Crypto trading platform Coinseed is shutting down following NYAG lawsuit
Crypto trading app provider Coinseed announced Tuesday that it is shutting down following a lawsuit by the New York State Attorney General (NYAG) Letitia James.
In February, James accused Coinseed and its executives of defrauding investors of more than $1 million and breaking U.S. registration laws. Later in May, the NYAG filed a court motion to freeze Coinseed’s trading activity and halt all its operations. Finally, on Monday, the NYAG secured a court order to block Coinseed’s activities and put in place a receiver to ensure the protection of investors’ money going forward.

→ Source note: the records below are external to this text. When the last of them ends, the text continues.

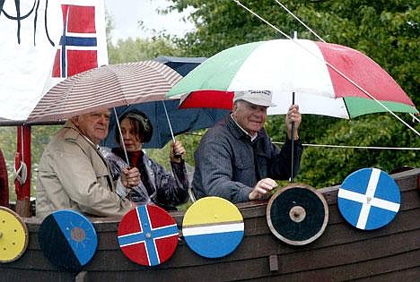Another Wet Nordicfest — Former Nordicfest royalty, Roger and JoElyn Brus from 1996 and Gunnar Larson from 1986, needed coats and umbrellas to stave off the cold rain during Saturday's 21st annual Nordicfest parade. It was the second consecutive year that it rained on the Nordicfest parade.
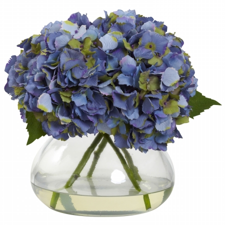 Nearly Natural Large Blooming Hydrangea w/Vase Blue
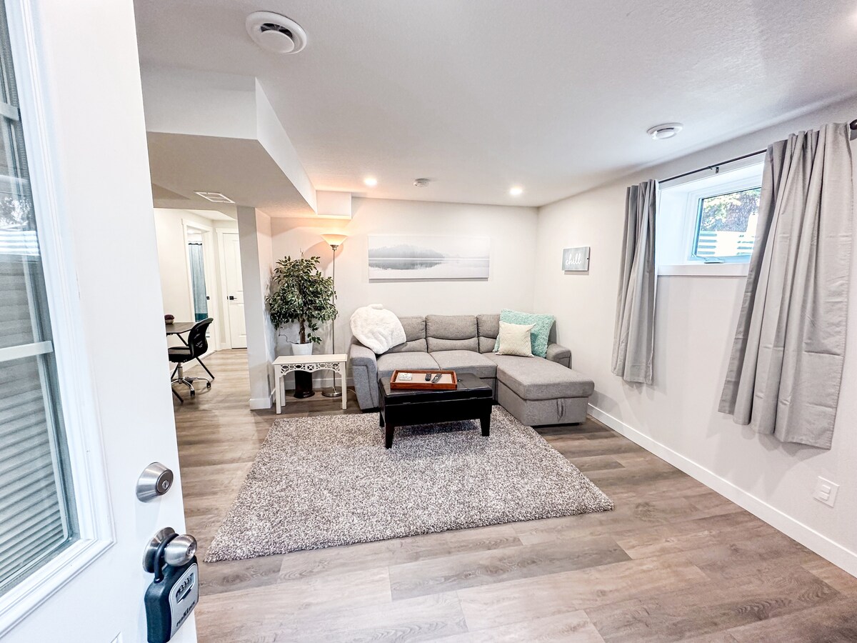 Cálida suite de 1 dormitorio en el norte de Calgary, a 15 minutos de YYC

Delgerdalai Davaasambuu, CEO of Coinseed and a defendant in the case, said it is "immensely mournful and frustrating to shut down the business." He maintains no wrongdoing and says Coinseed made a "fatal mistake" by living in New York until 2019.

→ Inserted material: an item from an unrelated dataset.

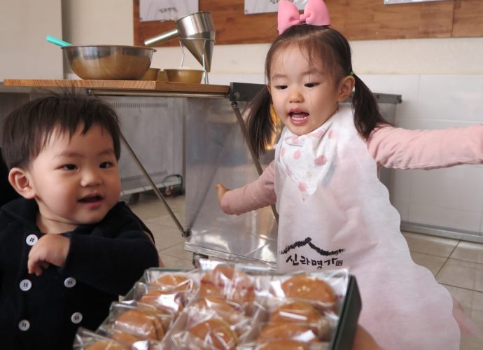 [경주빵 만들기] 여행의 마지막 날 아침이 밝았습니다. 2박3일의 짧은 여행도 끝이 다가오네요. 참 아쉽습니다. 서현이 외할아버지께서는 아침에 일이 있으셔서 먼저 부산으로 돌아가셔서 더 아쉬웠어요. 마지막날 아침 스케쥴은 경주빵 만들기로 시작합니다. 앞치마를 하고, 작은 두손에 장갑을 끼고~ 경주빵 만들기 준비 완료~(ง’̀-‘́)ง 선생님께서 경주빵 만들기 재료 준비를 해두셨네요. 베이킹의 기본중의 기본, 계란Read More →

Coinseed was founded in 2017 and raised $1 million via an initial coin offering (ICO) in 2018. According to the NYAG, Coinseed conducted an unregistered securities offering in the form of the ICO by issuing its CSD token and never registered to trade any cryptocurrency within or from the New York state.
Davaasambuu says Coinseed raised the ICO money from non-U.S. investors. "Our ICO excluded US investors and we’ve paid back more than twice the ICO amount to the ICO investors as rewards so far," he said, adding that there hasn’t been any, "not even a single one," complaint about its ICO or its token from investors.
More than 170 complaints
The NYAG says it has received more than 170 complaints from investors who were concerned about protecting their assets due to Coinseed’s allegedly fraudulent conduct.

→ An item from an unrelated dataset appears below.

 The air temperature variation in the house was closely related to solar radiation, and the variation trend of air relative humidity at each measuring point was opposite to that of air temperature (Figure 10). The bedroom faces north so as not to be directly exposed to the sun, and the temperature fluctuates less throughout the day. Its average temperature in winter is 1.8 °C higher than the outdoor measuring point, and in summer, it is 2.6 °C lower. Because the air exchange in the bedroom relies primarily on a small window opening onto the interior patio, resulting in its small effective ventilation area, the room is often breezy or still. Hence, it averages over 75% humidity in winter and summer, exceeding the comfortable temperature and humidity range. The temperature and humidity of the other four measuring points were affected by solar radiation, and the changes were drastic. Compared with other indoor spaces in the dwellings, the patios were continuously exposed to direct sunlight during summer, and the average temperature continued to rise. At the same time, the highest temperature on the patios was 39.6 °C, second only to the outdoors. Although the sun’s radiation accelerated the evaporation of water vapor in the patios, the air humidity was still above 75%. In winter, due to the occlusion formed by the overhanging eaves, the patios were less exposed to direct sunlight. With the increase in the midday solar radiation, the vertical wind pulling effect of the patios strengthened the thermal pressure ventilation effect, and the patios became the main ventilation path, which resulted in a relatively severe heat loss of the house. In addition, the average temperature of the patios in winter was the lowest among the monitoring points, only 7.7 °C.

The NYAG has also accused Coinseed of operating as an unregistered commodities broker-dealer. Davaasambuu says "it’s very laughable since no other cryptocurrency exchanges have become a registered broker-dealer." He says the only difference between Coinseed and other exchanges is that "they have enough money to fight in the court."
"We can’t spend millions of dollars in legal fights," he said.
As for user funds, they "will be returned soon and we’re interviewing law firms to hire for the matter," said Davaasambuu.
Davaasambuu has also created a free token called FLJ ("F*** Letita James") in frustration. "It’ll be listed on various DeFi platforms soon and will be available for trading," he said.